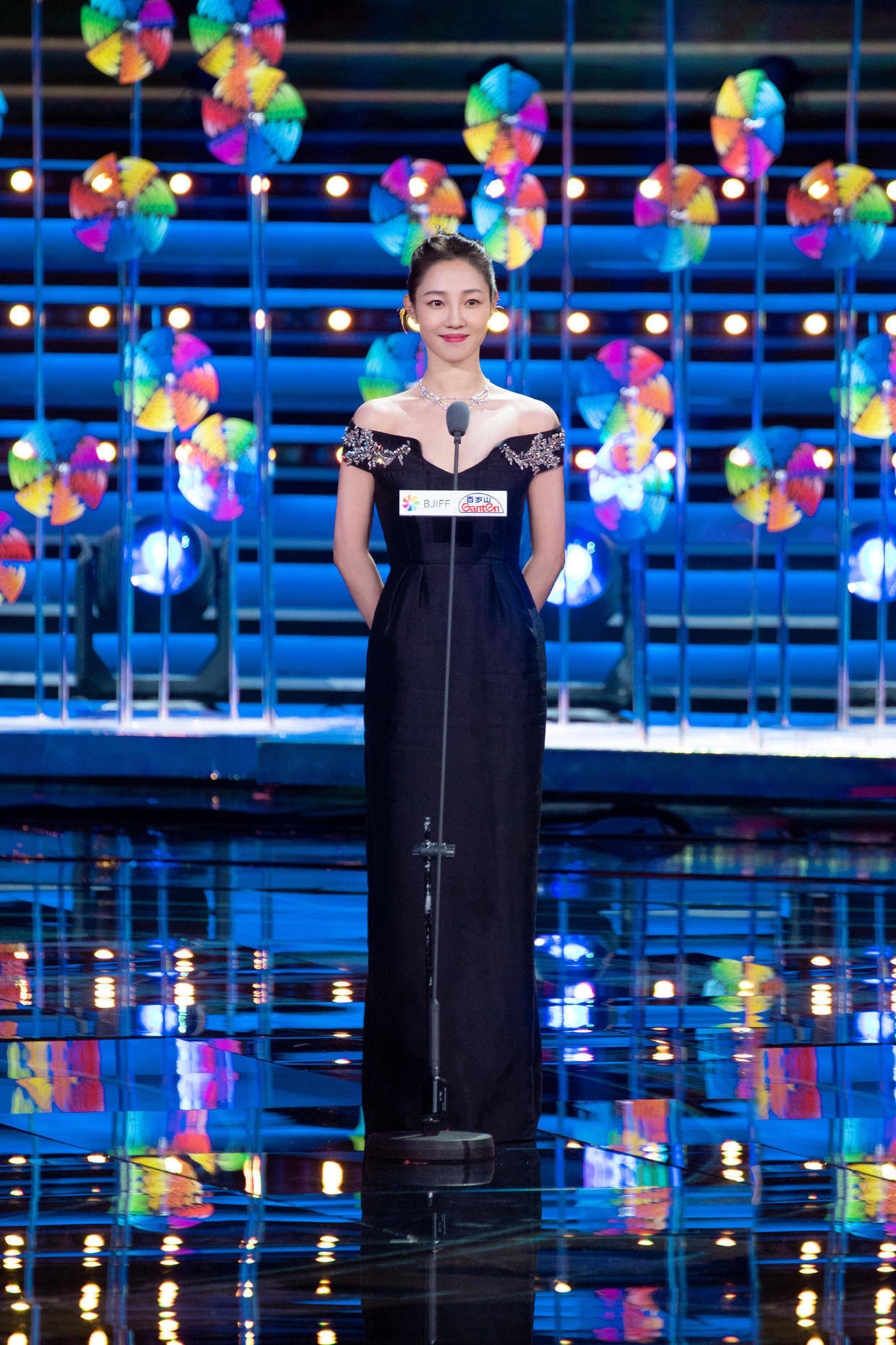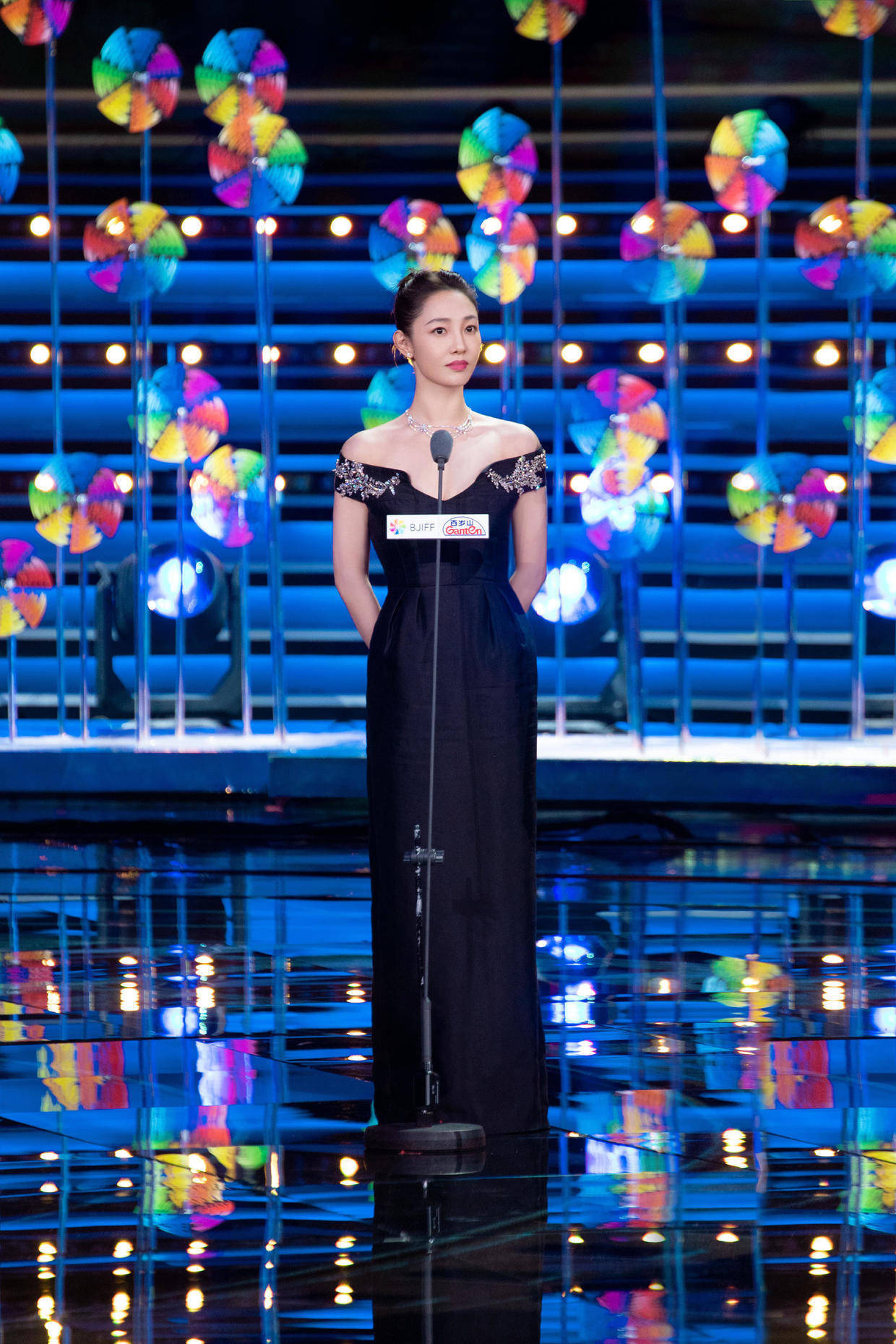 毕竟是礼服裙,长长的裙摆并不会显得很浮夸,而且整体呈现黑色,在礼服裙中这反而属于比较保守的款式了,它会完全遮住白百何的腿部线条,同时起到一定的修饰作用,对身高有要求,如果你的个子不够高挑,就容易穿出拖沓的感觉,看起来反而像小矮人。
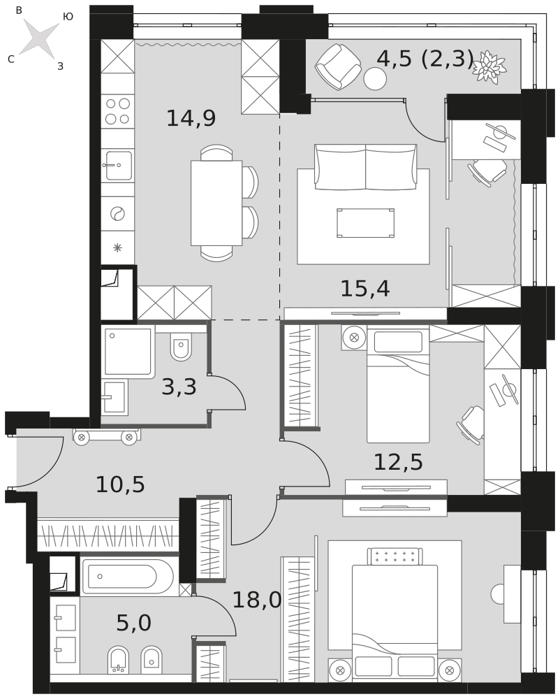 - Мастер-зона с санузлом. Уют и комфорт в одном пространстве.
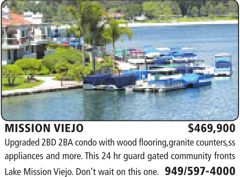 MISSION VIEJO $469,900 Upgraded 2BD 2BAcondo with wood flooring,granite counters,ss appliances and more.This 24 hr guard gated community fronts LakeMission Viejo.Don’t wait on this one. 949/597-4000
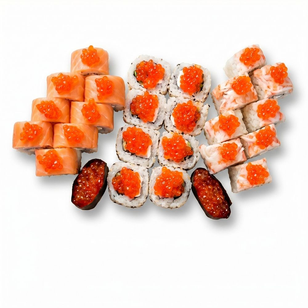 Состав:Фила лайт креветка,Фила лайт лосось,Каприз,Суши икура 26шт.
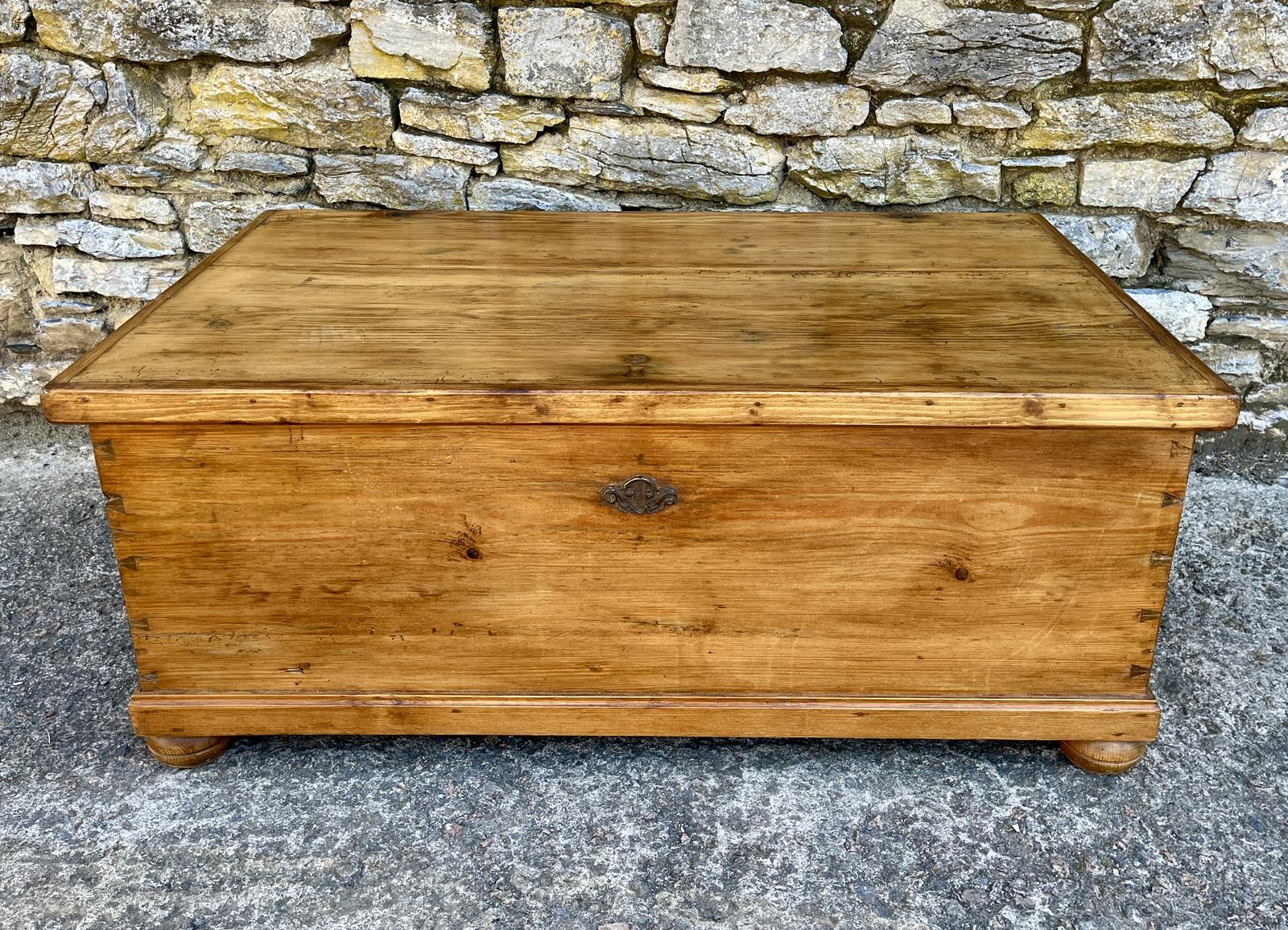 A good example of a large antique pine blanket box dating from the late 19th Century. It is likely continental in origin and has metal carrying handles on the sides and the lid opens on its original blacksmith-made strap hinges. It stands on turned bun feet and is a good quality piece with handmade dovetail joints.
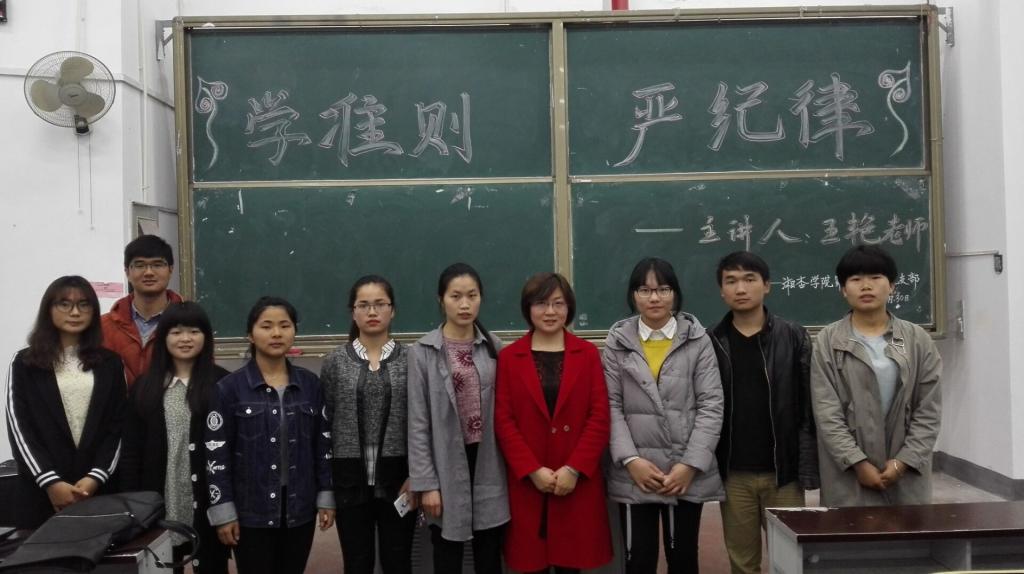 王老师围绕《中国共产党廉洁自律准则》、《中国共产党纪律处分条例》内容,阐述了学习的重要性以及详细介绍了《准则》和《条例》的重点内容,最后向学生们提出了学习要求和学习方法。王老师指出要学好《准则》先要学好《中国共产党章程》,她重点讲述党员廉洁自律规范:坚持公私分明,坚持崇廉拒腐,坚持尚俭戒奢,坚持吃苦在前,希望学生党员们做有道德操守的合格党员。接下来她重点谈到如何严纪律,严何种纪律?她强调要遵守政治纪律、组织纪律、廉洁纪律、群众纪律、工作纪律等,希望党员同志们不搞无原则的一团和气。最后王老师讲到如何学《准则》、《条例》,她提醒同学们要结合党章学,结合党的十八大以来中央的新精神学、新要求学,结合自身实际学,结合旧的法规学。她希望同志们能下足基础功夫,背准则,读条例,刻印在心,外化于行。

• TASK PROMPT:
All that is wanted is the run of lines from the start of the material through the line that holds "MISSION VIEJO $469,900", retyped exactly, with no pictures.

• REPLY:
 毕竟是礼服裙,长长的裙摆并不会显得很浮夸,而且整体呈现黑色,在礼服裙中这反而属于比较保守的款式了,它会完全遮住白百何的腿部线条,同时起到一定的修饰作用,对身高有要求,如果你的个子不够高挑,就容易穿出拖沓的感觉,看起来反而像小矮人。
 - Мастер-зона с санузлом. Уют и комфорт в одном пространстве.
 MISSION VIEJO $469,900 Upgraded 2BD 2BAcondo with wood flooring,granite counters,ss appliances and more.This 24 hr guard gated community fronts LakeMission Viejo.Don’t wait on this one. 949/597-4000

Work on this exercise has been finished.